● **THE TASK**
An exact reproduction of the lines below, from the first through the one with "Basic Ingredients: 2", is the whole answer; pictures have no place in it.

● **SUPPLIED MATERIAL**
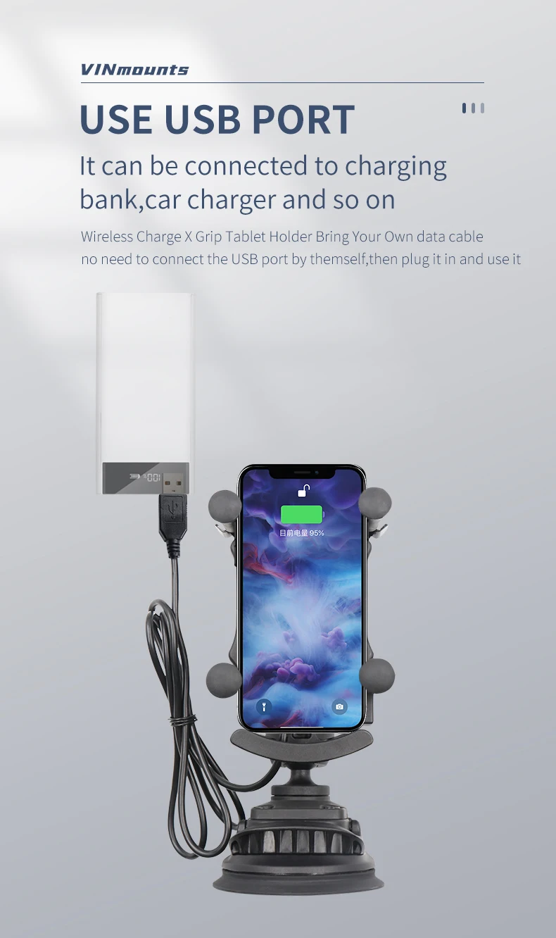 VIN Mounts 15W Fast Charging Auto Clamping Wireless Car Charger Phone Holder mount For All Phones
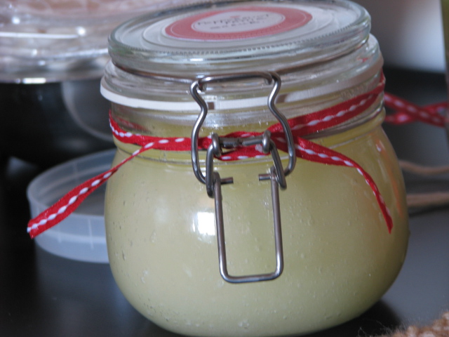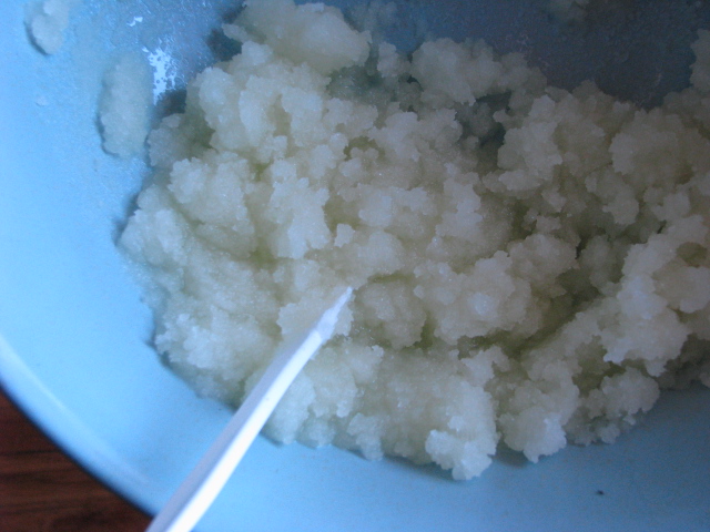 Basic Ingredients: 2 cups white sugar, 1/4 cup olive oil, 3/4 cup grapeseed oil, (I used a 2:1 ratio between the sugar and the oil), 5 – 6 drops each of peppermint and dark chocolate fragrance oil, Ikea container.
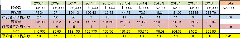 10年間で累計で$22,000投資していますので、最安値で購入しつづけた場合は資産が約2倍弱になっています。
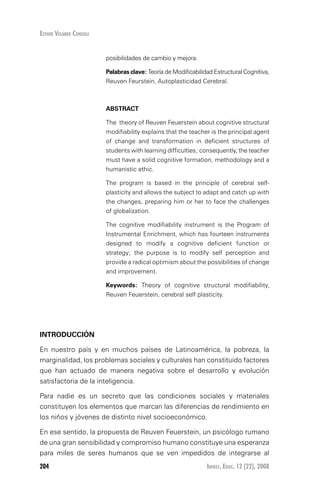 La teoría de la modificabilidad estructural cognitiva de Reuven Feuerstein explica que el maestro es el principal agente de cambio para transformar las estructuras deficientes de los estudiantes con dificultades de aprendizaje. El programa se basa en el principio de autoplasticidad cerebral y permite al sujeto adaptarse a los cambios mediante catorce instrumentos diseñados para modificar funciones cognitivas deficientes. El objetivo es modificar la autopercepción y proporcionar optimismo sobre las posibilidades de cambio.

● **EXERCISE RESULT**
 VIN Mounts 15W Fast Charging Auto Clamping Wireless Car Charger Phone Holder mount For All Phones
 Basic Ingredients: 2 cups white sugar, 1/4 cup olive oil, 3/4 cup grapeseed oil, (I used a 2:1 ratio between the sugar and the oil), 5 – 6 drops each of peppermint and dark chocolate fragrance oil, Ikea container.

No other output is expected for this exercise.